-- Opening Marker --

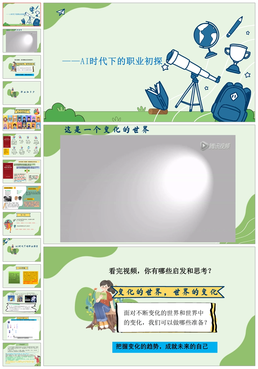 【8116】【生涯教育】《把握趋势-AI时代下的职业初探》生涯规划教育主题班会课件PPT(教案+课件+视频)
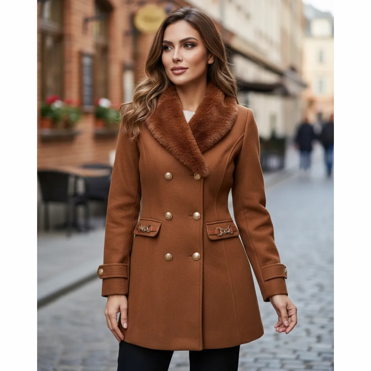 Casaco Feminino Sobretudo Elegante Gola Peluciada Inverno Marrom
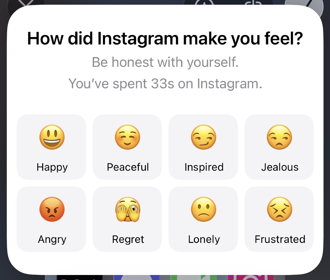 With our emotion tracking feature enabled you will get a notification asking you how you feel after using an app, all info will be saved in Apple Health.
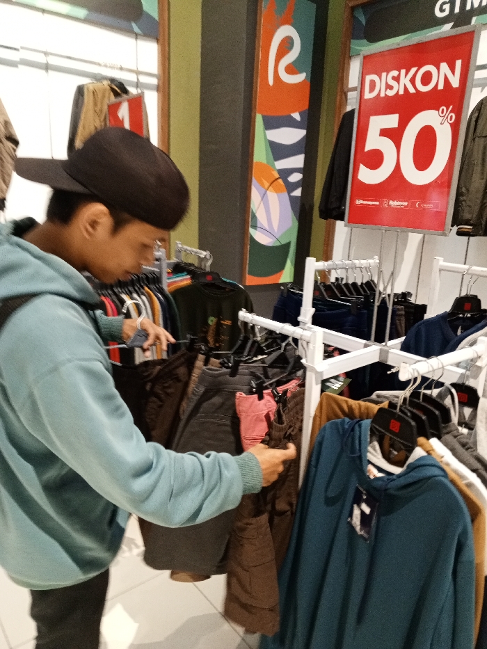 A person wearing a black cap and a blue-green hoodie shops for clothes in a store. They are looking at a rack of garments, seemingly shorts or pants, displayed on a white, multi-tiered rack. A large red sign that says "DISKON 50%" is visible behind the racks. A tall, colorful abstract art piece is also behind the racks. Other clothes hang on the racks nearby.
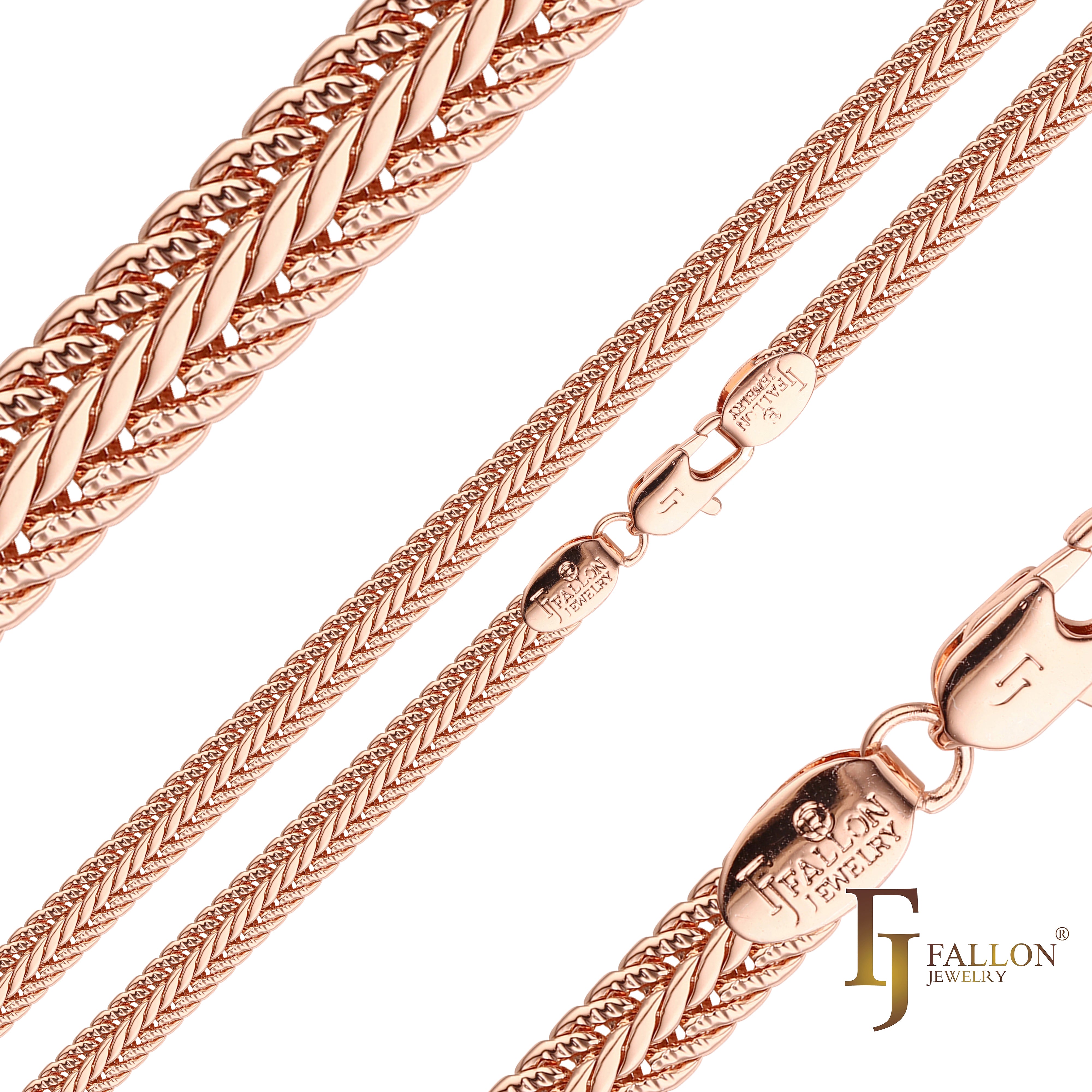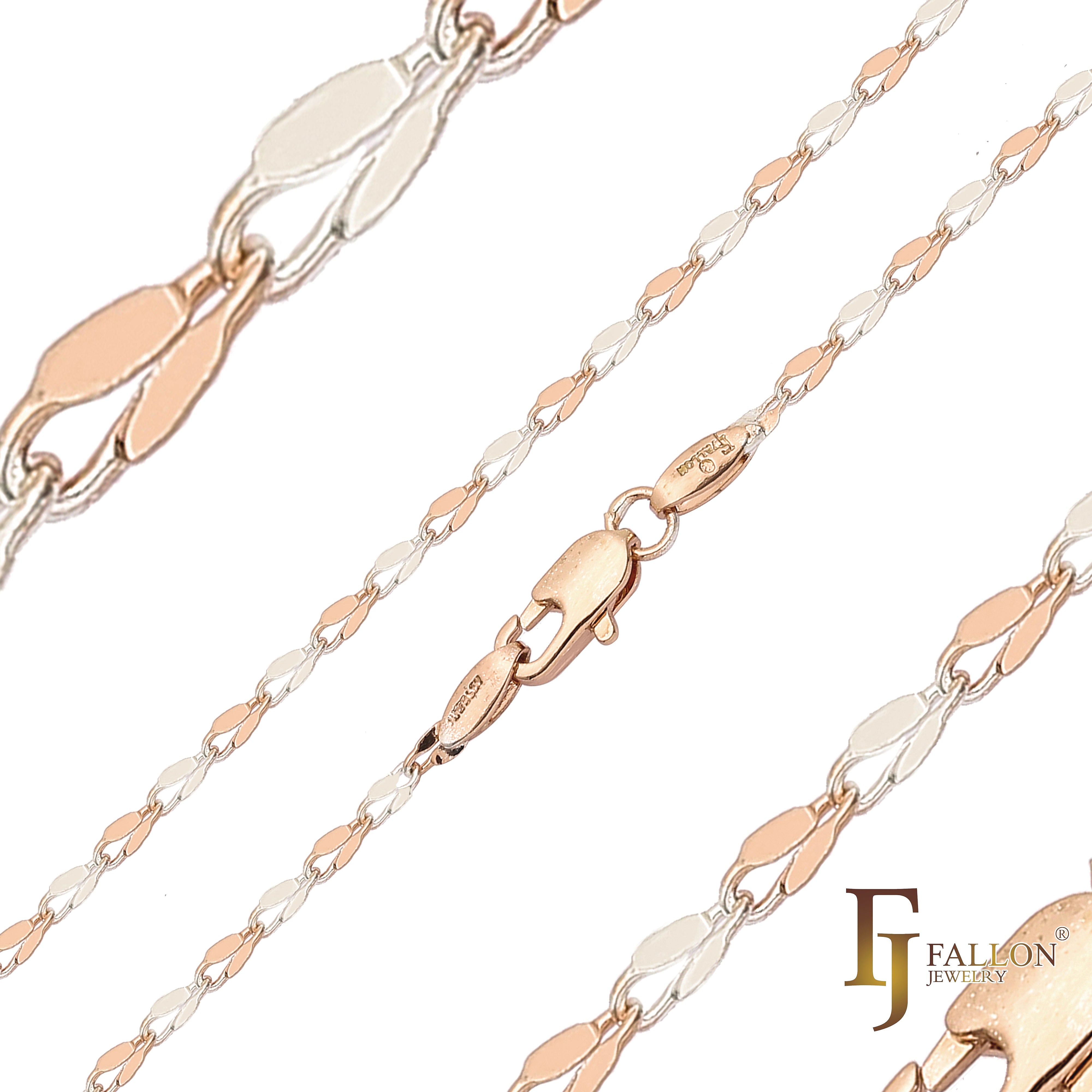 Classic Spiga wheat chains plated in White Gold, 14K Gold, Rose Gold, two tone

-- Closing Marker --

- _Exercise brief_:
Only the lines from the one containing "With our emotion" through the final line of the records should be retyped, exactly, with every picture omitted.

- _Written reply_:
 With our emotion tracking feature enabled you will get a notification asking you how you feel after using an app, all info will be saved in Apple Health.
 A person wearing a black cap and a blue-green hoodie shops for clothes in a store. They are looking at a rack of garments, seemingly shorts or pants, displayed on a white, multi-tiered rack. A large red sign that says "DISKON 50%" is visible behind the racks. A tall, colorful abstract art piece is also behind the racks. Other clothes hang on the racks nearby.
 Classic Spiga wheat chains plated in White Gold, 14K Gold, Rose Gold, two tone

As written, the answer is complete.